You mean another aforementioned punchline to a joke?
No thanks.
this.
make the collars a bit smaller and lift the logos and it's perfect. As is, Sue looks like shit.
I think the captain America suit actually looks pretty good, but something about the neck/head piece makes it look goofy.
Classic costumes are usually solid blocks of color with incredibly strong silhouettes that usually don't translate well to reality. Peacemaker has a pretty solid comic book-y costume and the helmet looks so goofy in action that they usually have John Cena take it off and he is also inherently in a comedic series.
Give Batman this suit and try to run it like Battinson and it would look so stupid
the studios tell me they don't look good, therefore i know in my heart that they don't. they look retarded and anyone who thinks that the film costumes look bad is objectively wrong for disagreeing with the people who worked very very hard in making these films.
I would prefer it any day to the soulless leather shit of the X-Men films. I don’t see how it’s such a stretch in a fantastical universe to have colourful or retro costumes. It’s usually only an issue with the actresses who are shapeless prudes and have zero interest in the characters they’re playing or the legacy involved with them.
>It’s usually only an issue with the actresses who are shapeless prudes and have zero interest in the characters they’re playing or the legacy involved with them.
100% this.
It usually doesn't fit well into modern settings, but I'd rather have comicbook movies take place in heavily stylized golden/silver age places anyway.

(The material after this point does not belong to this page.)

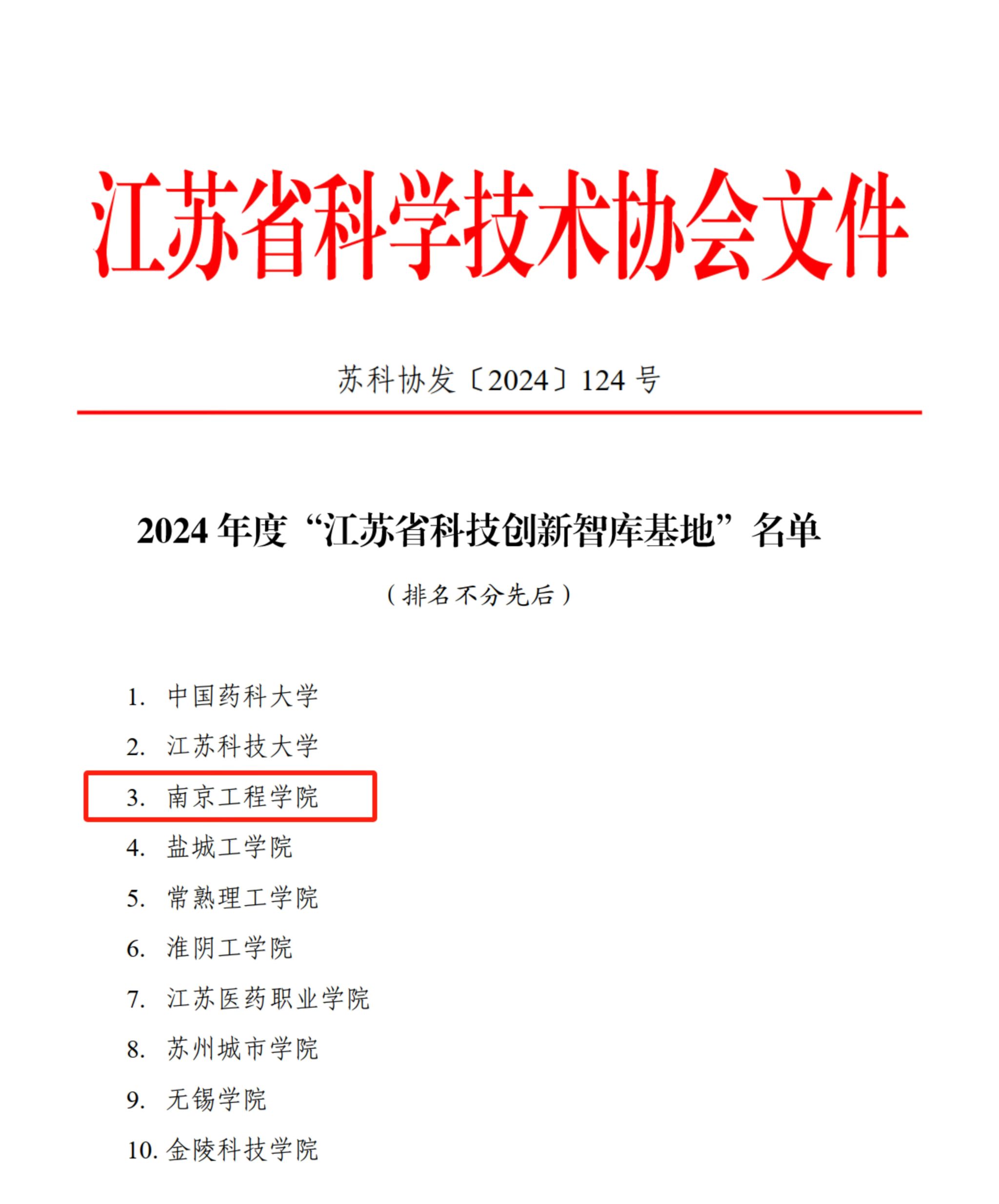 近日,江苏省科协发布《2024年度“江苏省科技智库计划(基地)项目”立项的通知》(苏科协发〔2024〕124号),认定永利官网为2024年“江苏省科技创新智库基地”,这是继2021年永利官网首次获批以来再次获批这一省级智库基地。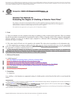 REDLINE ASTM D4214-23 - Standard Test Methods for Evaluating the Degree of Chalking of Exterior Paint Films

With a bit of texture work, it should be fine. The Arkham Asylum costume, for example, is pretty straightforward and I think it would look fine in live action as long as the actor fills it out properly. I don't think it would be much different than the Snyder costume in terms of practical considerations (and I like that costume, too, maybe with the crisscrossing toned down a bit).
I will say that I'm strongly biased against tacticool armor Batman, though, so I'll automatically give bonus points to anything that isn't that.
I don't mind the propaganda film Captain America costume that much in a general sense, but I feel like it's the kind of costume that straddles the line and needs the rest of the costumes in the the film/series to match for it not to look ridiculous. I don't think it would work next to, say, the Iron Man armor as it was in the films.
The USO costume isn't a joke, and Joe Johnston is probably the last person who'd make that kind of joke in the first place.
The helmet looks goofy in comics too. I get what they were going for with it, but it's a total misfire.
>Not in the MCU, because they're intentionally made to be the punchline to a joke rather than an actual costume.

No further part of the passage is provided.